The following values are sourced from environment secrets (configured via the github_secrets Terraform scenario) and do not need to be provided at runtime:

ARM_CLIENT_ID, ARM_SUBSCRIPTION_ID, ARM_TENANT_ID, COPILOT_GITHUB_TOKEN, SLACK_WEBHOOK_URL, AZURE_BLOB_STORAGE_ACCOUNT_URL, AZURE_BLOB_STORAGE_CONTAINER_NAME, MICROSOFT_FOUNDRY_PROJECT_ENDPOINT, BYOK_PROVIDER_TYPE, BYOK_BASE_URL, BYOK_API_KEY, BYOK_MODEL, BYOK_WIRE_API


Domain Adaptation

To adapt the platform for a new domain, you only need to change configuration — no code changes required:

  1. Update system prompt — Define the AI persona for your domain
  2. Update queries — Define the evaluation criteria
  3. Deploy AI agent (optional) — Create a Foundry Agent with domain-specific reference data

Example: switching from product evaluation to clinical guideline review:

uv run python scripts/report_service.py generate \
  --system-prompt "You are an expert clinical guideline reviewer." \
  --queries "Evaluate evidence quality,Check recommendation consistency,Assess applicability" \
  --account-url "https://<account>.blob.core.windows.net" \
  --container-name "reports"

Local Development Setup

For local development and testing before deploying to GitHub Actions:

cd src/python

# Install dependencies
make install-deps-dev

# Set environment variables
cp .env.template .env  # Edit with your settings
export COPILOT_GITHUB_TOKEN="your-github-pat"
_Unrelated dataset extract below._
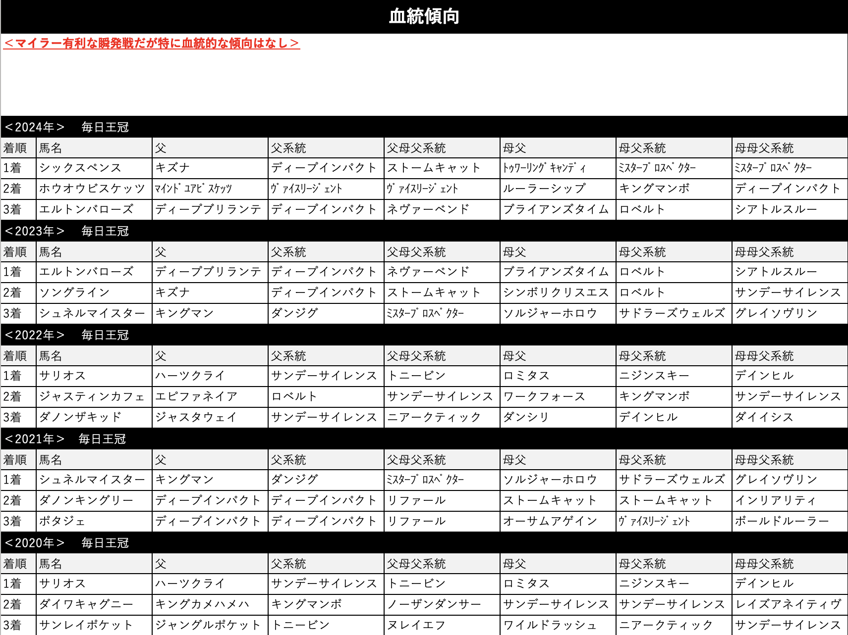 近年の結果を見ても特に血統的な傾向があるレースではなさそうですね。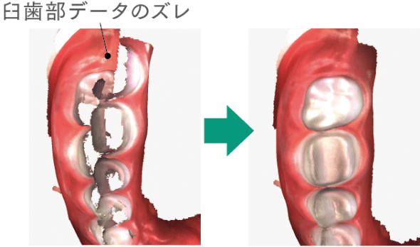 4DRテクノロジーにより、唾液や光の反射、カメラの動きにより生じるブレやノイズを除去し、正確な歯の形状再現を可能にしています。

# Start the Copilot CLI server
make copilot

# In another terminal: run interactive chat
make copilot-app

# Or: generate a report
uv run python scripts/report_service.py generate \
  --system-prompt "You are a product evaluator." \
  --queries "Evaluate durability,Evaluate usability" \
  --account-url "https://<account>.blob.core.windows.net" \
  --container-name "reports"

See Getting Started for detailed local setup instructions.


Verification

Check How to Verify
OIDC trust established GitHub Actions workflow authenticates without secrets
Secrets configured GitHub environment shows all expected secrets
AI models deployed Azure AI Hub shows model endpoints
Report generation works Workflow completes and outputs a blob URL
Notifications work Slack channel receives the report summary

Troubleshooting

Issue Likely Cause Resolution
OIDC authentication fails Federated credential mismatch Verify subject claim matches branch/environment
Terraform state conflict Multiple users applying simultaneously Use remote state backend (Azure Storage)
Model endpoint unavailable Model not yet deployed or quota exceeded Check AI Hub deployments and subscription quotas
Blob upload permission denied Missing RBAC role Ensure Storage Blob Data Contributor role is assigned
Workflow times out Too many parallel queries Reduce query count or increase timeout

Updates and Rollback

Updating the Application

To update a running Container Apps deployment:

  1. Build and push a new container image (via docker-release.yaml or ghcr-release.yaml workflows)
  2. Re-run the azure_container_apps Terraform scenario — it will pull the latest image
cd infra/scenarios/azure_container_apps
export ARM_SUBSCRIPTION_ID=$(az account show --query id --output tsv)
terraform apply

Rollback

To rollback to a previous version, specify the previous image tag in the Terraform variables and re-apply. All previous images are available in Docker Hub and GHCR with their Git tag versions.